South Korean filmmaker (born 1968)

Lee Yoo-jin is a South Korean filmmaker and businesswoman. As CEO of Zip Cinema, a film production company based in Seoul, she is known for producing Hirokazu Kore-eda's critically acclaimed film Broker. Broker premiered at the 2022 Cannes Film Festival, where it competed for the Palme d'Or and won the Ecumenical Jury Award. The film also marked a historic win for Song Kang-ho, who became the first South Korean actor to win Best Actor in the Cannes Film Festival history. Additionally, the film won the Best International Film award in the CineMasters competition section at the Munich Film Festival.

Lee began her career in film marketing, working on E J-yong's film An Affair (1998) at the film company Bom.
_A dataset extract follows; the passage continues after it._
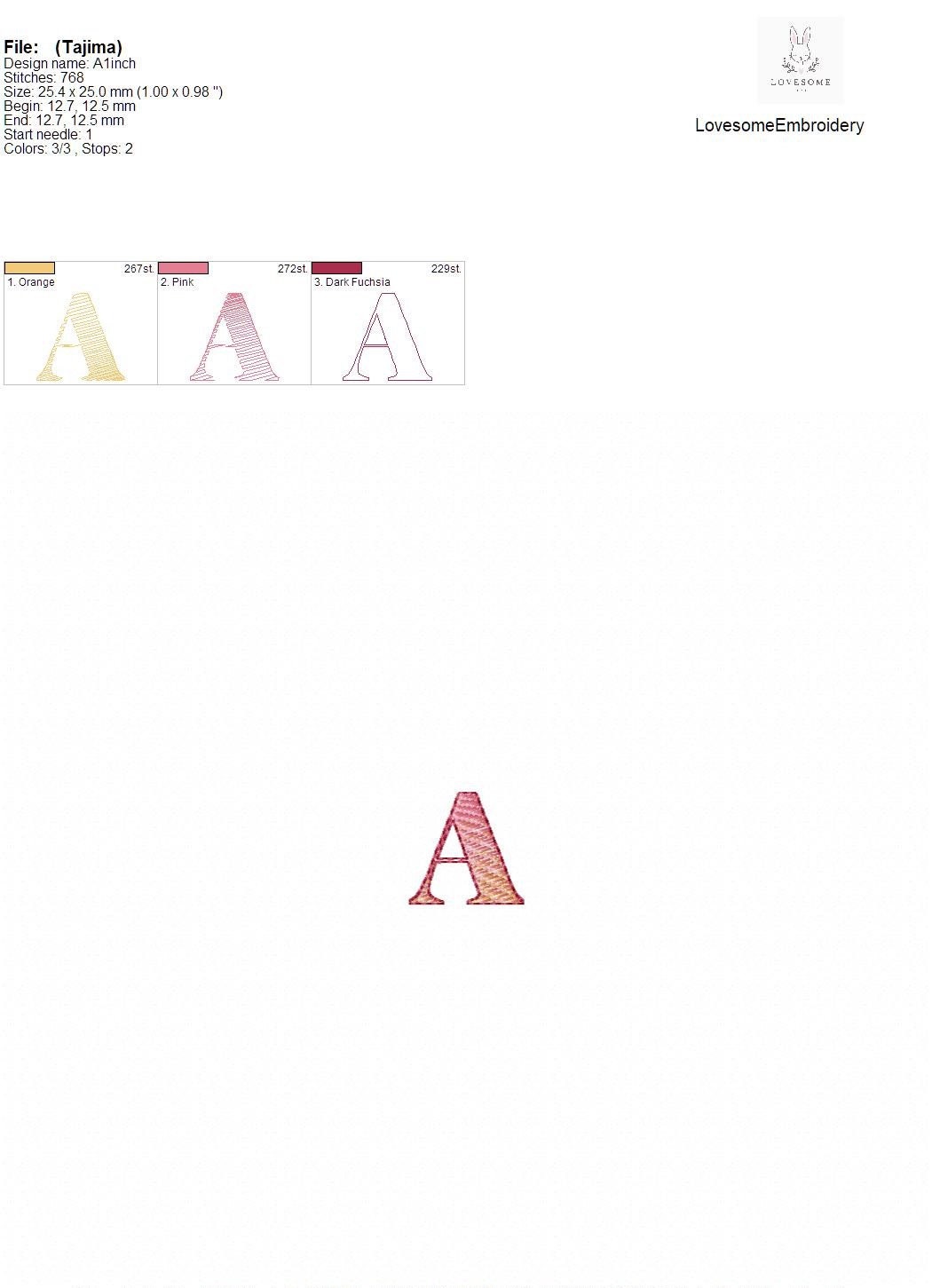 This listing features a machine embroidery font set which includes embroidery files of 26 uppercase monogram letters and and ampersand in 1inch size. (For the whole set, pls see the listing images.)

She made her debut as a producer with E J-yong's subsequent film, Untold Scandal (2003). After working on other major titles, including Park Jin-pyo's You Are My Sunshine (2005) and Kim Jee-woon's A Bittersweet Life (2005), she established Zip Cinema in 2005 and has served as its CEO ever since.

== Career ==

=== Early career in advertising ===
Lee began her professional career as a copywriter at Conrad, an advertising agency and subsidiary of the Haitai Group. During her seven-year tenure, she achieved significant professional recognition, most notably for the Daewoo Electronics "Tank Series" campaign. This campaign was instrumental in improving the brand's market image against competitors like Samsung and LG by emphasizing durability and featuring Chairman Bae Soon-hoon. Despite her success in advertising, Lee decided to transition into the film industry and resigned from Conrad in 1997. Her departure was initially met with resistance; the agency refused to formally accept her resignation for over a year, continuing to deposit her salary and keeping her position open in hopes of her return. Her colleagues at the time characterized the move as a significant risk, describing her departure from a successful agency for the uncertain film industry as choosing a "bed of thorns" over a "bed of flowers."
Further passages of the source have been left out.